希美は言葉ではなく身体で真実を示している

第9話では、幸雄と紗春の家庭で何が起きていたのかを大人の証言ではなく、希美の反応と傷が示します。

大人の説明より信頼できる身体の反応

紗春は幸雄の失踪について記憶が曖昧だと説明し、幸雄を死なせた後も待つ妻を演じてきました。聖子も一樹の生存について嘘を重ねています。

大人は自分の事情に合わせて言葉を選べます。しかし、希美の身体は大きな声に怯え、火傷の痕を残していました。

もちろん身体反応だけで具体的な事件を決めることはできません。それでも、家庭に何の問題もなかったという説明には疑問を持たせます。

希美を証拠として扱う危険

天童や聖子にとって、希美の反応は幸雄と紗春の関係を知る手掛かりになり得ます。しかし希美は事件の証拠ではなく、一人の子どもです。
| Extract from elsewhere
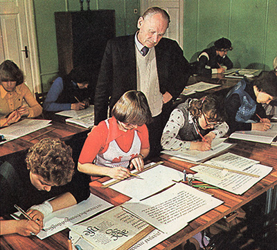 Nii alustas 1962. aastal tööd plakatkirja ring kunstnik Valentin Vare juhendamisel, mis kolm aastat hiljem jätkas kirjakunstnik Villu Tootsi käe all juba kirjakunsti koolina. 1983. aastast jätkas tema tööd kirjagraafik Heino Kivihall.

過去を聞き出すために恐怖を再体験させたり、大人の罪を証明する役割を負わせたりすれば、さらに傷つけることになります。

必要なのは、希美に真相を語らせることより、まず安全な場所と安心できる関係を作ることです。

天童の取材が子どもへ与えた圧力

天童は一樹の生存と遺体取り違えへ近づいています。しかし、子どもたちがいる場で聖子を追及したことにより、真相を暴く行為そのものが希美の恐怖を刺激しました。

真実を追うことと場所を選ぶことは別

天童が一樹を追うことには意味があります。一樹が生きているなら、遺体の身元を訂正し、瑠美子の死亡についても調べる必要があります。

ただし、栄大、亜季、希美の前で聖子を追及する必要があったかは別の問題です。子どもたちには事情を理解する準備がなく、大人の敵意だけが伝わります。

取材の正当性があっても、その方法によって新しい被害を作れば、天童自身も責任を問われるべきです。

天童は子どもの反応から何を感じたのか

天童はその場で希美が怯える姿を見ています。これまで記事の材料として見ていた二つの家庭に、傷ついた子どもがいることを直接確認しました。

その経験が、天童に取材や報道の時期を考えさせるのか、それとも家庭の問題を示す新たな情報として利用するのかは、今後の重要な分岐です。

第9話は、真実を暴く正しさだけでなく、真実をいつ、誰の前で、どのように扱うかという報道の責任を天童へ突きつけました。

第9話が作品全体に残した問い

第9話では、聖子も紗春も「子どもを守る」という理由で行動します。しかし、その二人が守ろうとしているものは同じではありません。

子どもを守ることと、子どもを失わないことの違い

紗春は希美を失いたくないため、自分の罪を隠しています。聖子も栄大と亜季との生活を失いたくないため、一樹の生存を隠しています。

二人の母親には愛情があります。しかし、子どもが安全であることより、自分が子どものそばにいられる状態を優先すれば、母性は自己保身へ変わります。

聖子が児童相談所へ連絡したことで問われたのは、紗春が本当に希美を守っているのか、それとも希美を失わないために真実を隠しているのかという違いです。

子どもの安全は大人の罪と切り離して考えられるか

紗春が幸雄を死なせたことと、現在希美を安全に育てているかどうかは別の問題です。過去に罪を犯したからといって、現在も虐待しているとは限りません。

反対に、幸雄から希美を守った母親だったとしても、現在の生活が安全だと自動的に決まるわけではありません。子どもの状態は、その都度確認する必要があります。

第9話が残した問いは、親の事情や過去の評価より先に、今、目の前の子どもが安全かどうかを見られるかということです。

次回に向けて気になるのは、紗春が児童相談所への連絡をどのように受け止めるのか、希美の火傷の本当の原因が明らかになるのか、そして栄大が聖子のスマートフォンから何を知るのかです。